Der letzte Teil von Shakespeares York-Tetralogie ist eines der bekanntesten Historienwerke der Welt und wird von Theater aToc e.V. neu interpretiert und spielerisch neu entdeckt. Vor allem die den eigenen Zielen entsprechend verfremdete Wahrheit, also die „Fake News“, steht im Fokus der Inszenierung und beleuchtet die manipulative Ader des gerissenen Adligen Richard. Viele Leute werden hier schnell zu Mitläufern, weil Sie sich selbst bereichern wollen oder das Wegsehen der einfachste Weg ist.
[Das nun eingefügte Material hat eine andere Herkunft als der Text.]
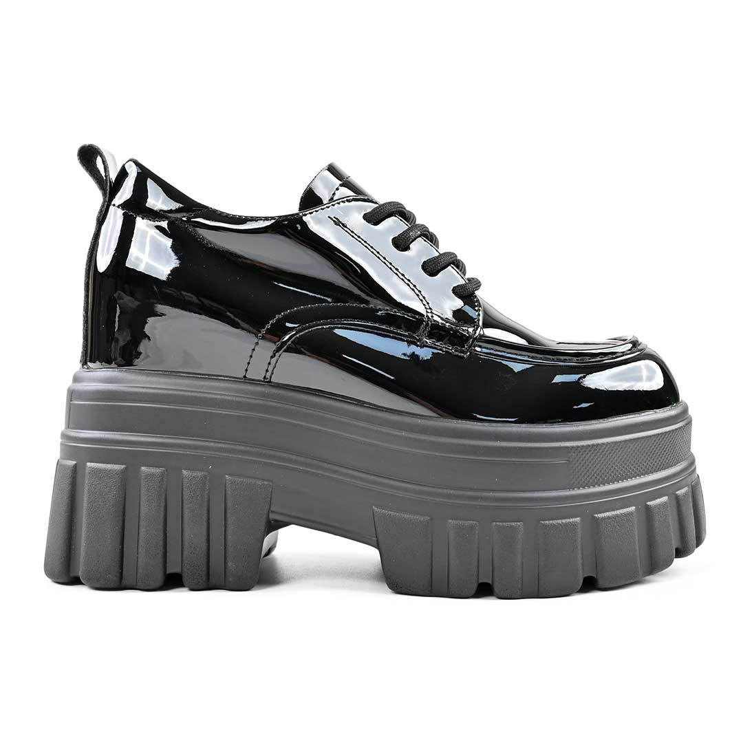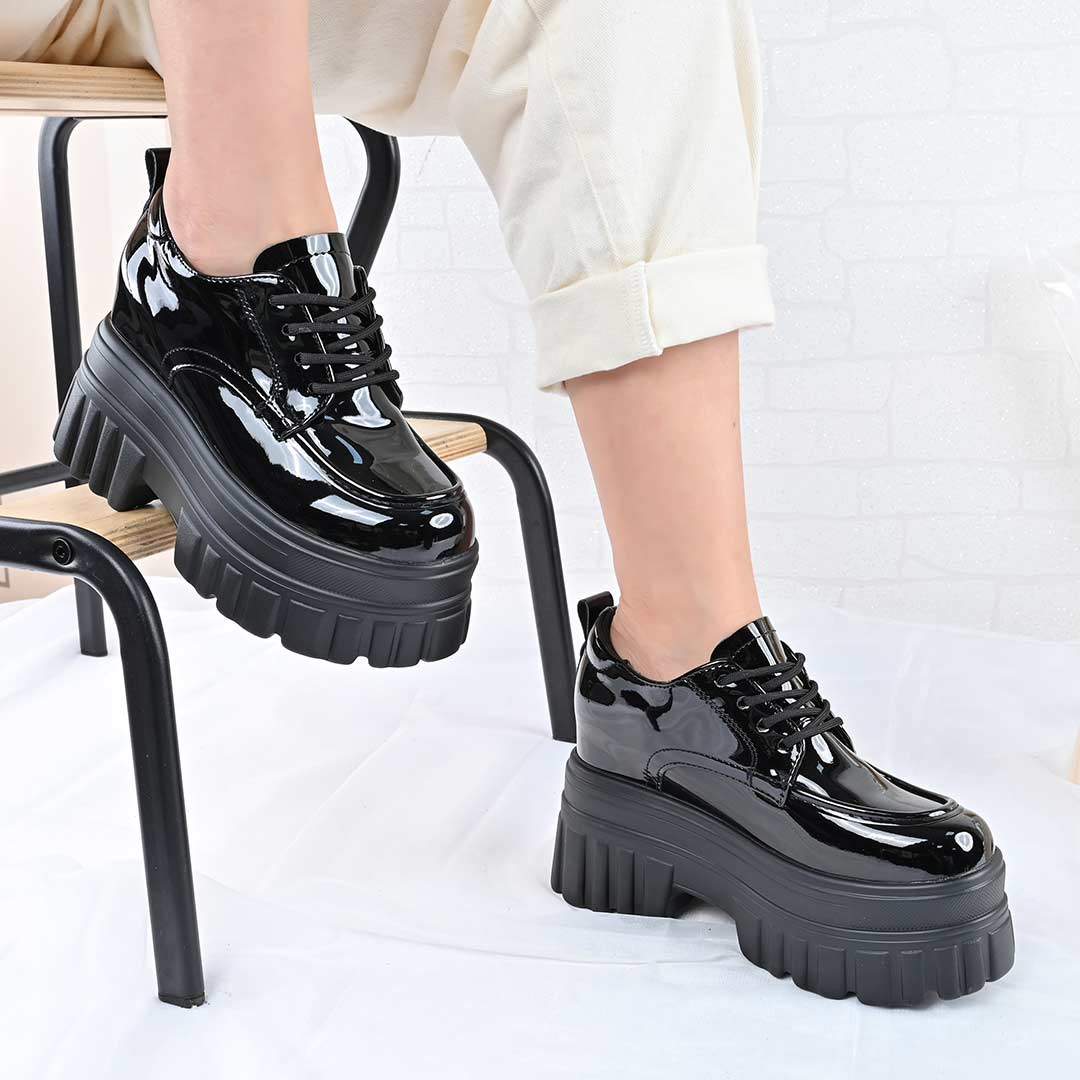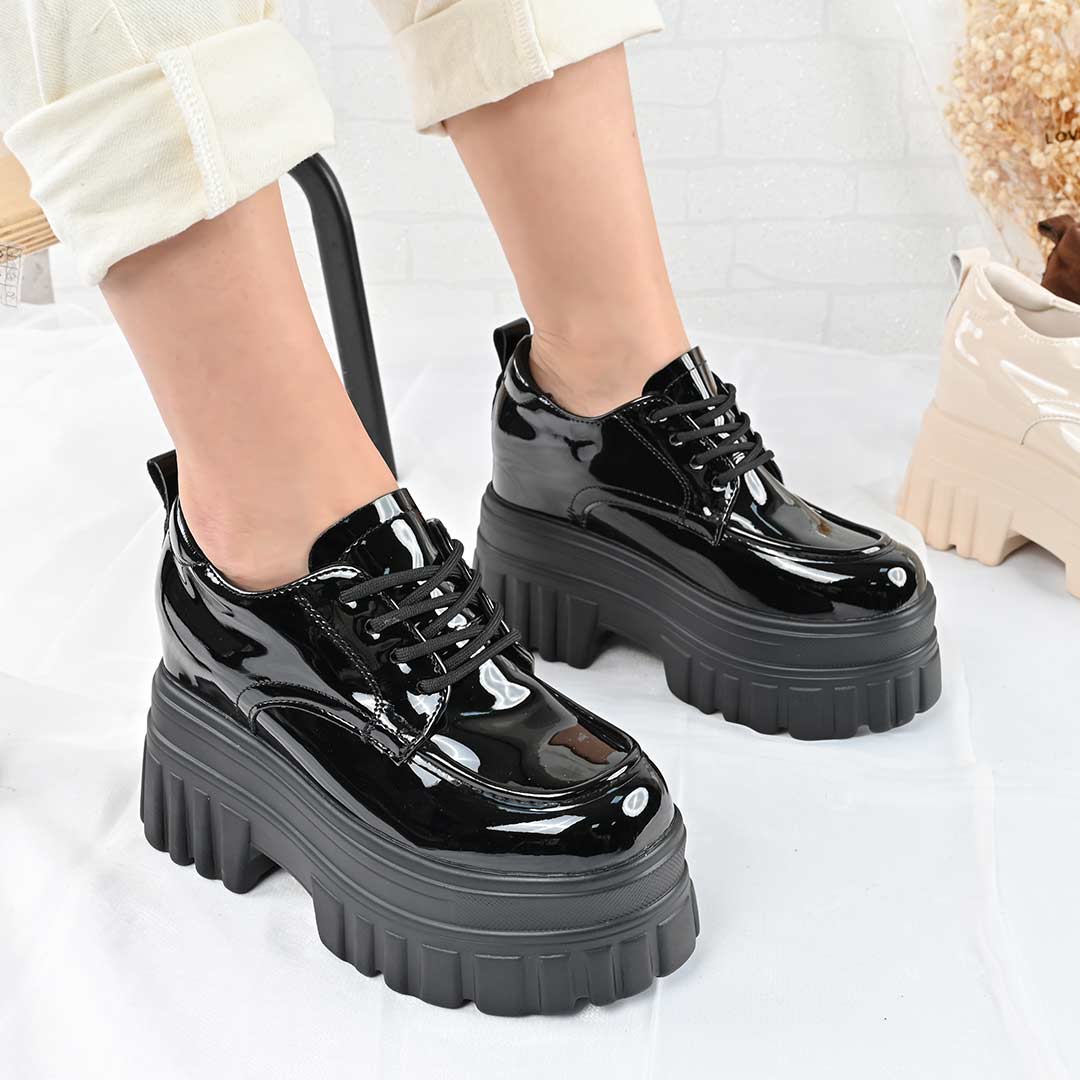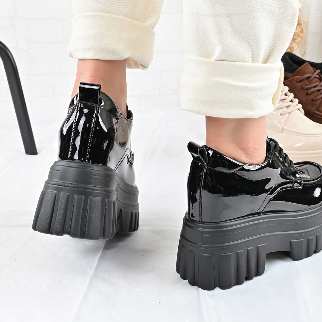 Pantofi casual de dama,Cu platforma,Din piele ecologica,P1301,Negru

Das Stück zeigt eine Eskalation von Machtambitionen und beleuchtet den Charakter der Hauptfigur aus unterschiedlichen Perspektiven. Am Ende verschwimmen die Grenzen zwischen Gut und Böse, zwischen Macht und Ohnmacht und zwischen den handelnden Personen selbst. Die Schandtaten werden immer mehr zum Selbstzweck eines gebrochenen und ausgestoßenen Mannes.

„Und darum, weil ich nicht als ein Verliebter
Kann kürzen diese fein beredten Tage,
Bin ich gewillt, ein Bösewicht zu werden
Und feind den eitlen Freuden dieser Tage.“

Wofür dieser Satz alles Rechtfertigung sein kann, wird so manchen überraschen.

Weitere Infos folgen im Herbst 2021.


Wir befinden uns im England des 15. Jahrhunderts, so wie es sich nur Shakespeare ausmalen konnte. Ein König, jung und unerfahren, führt die Geschicke des Reichs. Machthungrige, mordende Adelige, rachsüchtige Ehefrauen und ein schier endloser Bürgerkrieg. Wo ist aToc da nur wieder hineingeraten…? Seid dabei und hört gut zu, wie das Ränkespiel seinen Lauf nimmt und sich die Adelshäuser Lancaster und York wortwörtlich die Köpfe einschlagen. Und das alles, um die Krone Englands für sich zu gewinnen. Am Ende kann es nur einen geben, der als Gewinner aus der Geschichte hervorgeht…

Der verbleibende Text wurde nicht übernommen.